The electric charges the team observed in the graphene edge state were similar to photons in an optical fiber that can travel over large distances without scattering. They found that the charges traveled for tens of thousands of nanometers along the edge before scattering.

Graphene electrons in previous technologies could only travel about 10 nanometers before bumping into small imperfections and scattering in different directions.

"What's special about the electric charges in the edges is that they stay on the edge and keep on going at the same speed, even if the edges are not perfectly straight," said Claire Berger, physics professor at Georgia Tech and director of research at the French National Center for Scientific Research in Grenoble, France.

This advantageous characteristic may be due to a newly discovered quasiparticle that could lead to manufacturing smaller, faster, more efficient, and more sustainable computer chips for quantum and high-performance computing.

In metals, electric currents are carried by negatively charged electrons. But contrary to the researchers' expectations, their measurements suggested that the edge currents were not carried by electrons or by holes (a term for positive quasiparticles indicating the absence of an electron).

Walter de Heer and Claire Berger holding model of graphene on silicon.

Jess Hunt-Ralston, Georgia Tech

Walter de Heer and Claire Berger holding an atomic model of graphene (black atoms) on crystalline silicon carbide (yellow atoms) in the Epitaxial Graphene Lab at Georgia Tech.

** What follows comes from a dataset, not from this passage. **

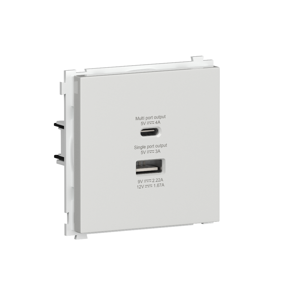 Розетка встраиваемая USB Donel R98 тип A+С быстрая зарядка Белый глянцевый DA20400-DA27703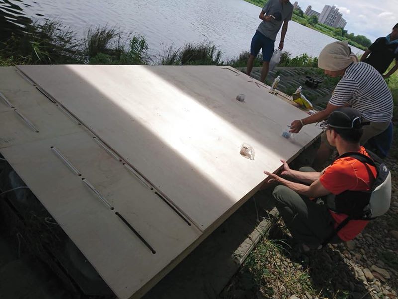集めたケグは32個。これを穴を開けた板に括り付けただけのローコストかつシンプルな筏です。

Rather, the currents were carried by a highly unusual quasiparticle that has no charge and no energy, and yet moves without resistance. The components of the hybrid quasiparticle were observed to travel on opposite sides of the graphene's edges, despite being a single object.

The unique properties indicate that the quasiparticle might be one that physicists have been hoping to exploit for decades - the elusive Majorana fermion predicted by Italian theoretical physicist Ettore Majorana in 1937.

"Developing electronics using this new quasiparticle in seamlessly interconnected graphene networks is game changing," de Heer said.

It will likely be another five to 10 years before the first graphene-based electronics will be functional, according to de Heer, but thanks to the team's new epitaxial graphene platform, observers say technology is closer than ever to crowning graphene as a successor to silicon.